HALKTAN UZAK SİYASET YAPILIYOR

Bir yandan kıyı talanına dur demek için uğraştıklarını, diğer taraftan yaşamın temel kaynağı olan hava, su ve toprakları savunmak zorunda bırakıldıklarının yer aldığı açıklama şöyle: “Siyaset, halktan uzak, ama halkın üzerinden güç devşiren, bireysel menfaat peşinde koşan riyakar bir yapıya dönüştü. Biz halk olarak bu riyakarlığı, güç zehirlenmesini reddediyor ve bununla mücadeleye devam edeceğimizi kararlılıkla bir kez daha buradan dile getiriyoruz. Yerel seçimlere katılacak tüm partilerin dikkatine! Türkiye’nin her yanından doğanın katli sebebiyle feryatlar yükseliyor.
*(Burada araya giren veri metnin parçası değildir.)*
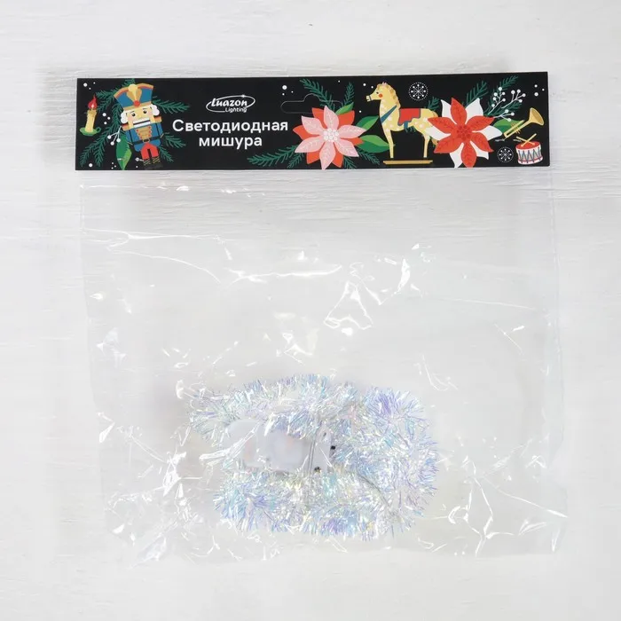 Гирлянда «Мишура» 1 м роса, IP20, перламутровая нить, 22 LED, 8 слоёв, d=3 см, батарейки CR2032х2 (в комплекте), свечение белое — Характеристики

Yaşam alanlarımız madenlerin geride bıraktığı ölüm çukurlarına, kıyılarımız sermayenin betonlarına, ormanlarımız kereste deposuna dönüşürken tarım arazilerimiz inşaat ve enerji sektörüne hibe ediliyor. İnsan ve diğer canlı türleri mülteci hayatlara mahkum ediliyor.”

MUĞLA İSE YANIYOR!

“Çünkü ülkede tek tek yaşanılan meseleler toplamı ne yazık ki Muğla’nın başına sağanak olarak yağmakta” denilerek, “Biz; yaşam hakkını en temel hak sayan ve bunlar için mücadele veren gönüllü yurttaşlar, Muğlalılar olarak öyle bir alana sıkıştırıldık ki bir yanda ormanlarımız yok edilmek isteniyor bir yandan köylerimiz, zeytinliklerimiz.  Bir yandan kıyı talanına dur demek için uğraşıyoruz diğer taraftan yaşamın temel kaynağı olan havamızı, suyumuzu ve toprağımızı savunmak zorunda bırakılıyoruz. Siyaset, halktan uzak ama halkın üzerinden güç devşiren, bireysel menfaat peşinde koşan riyakar bir yapıya dönüştü. Biz halk olarak bu riyakarlığı, güç zehirlenmesini reddediyor ve bununla mücadeleye devam edeceğimizi kararlılıkla bir kez daha buradan dile getiriyoruz” düşünceleri savunuldu.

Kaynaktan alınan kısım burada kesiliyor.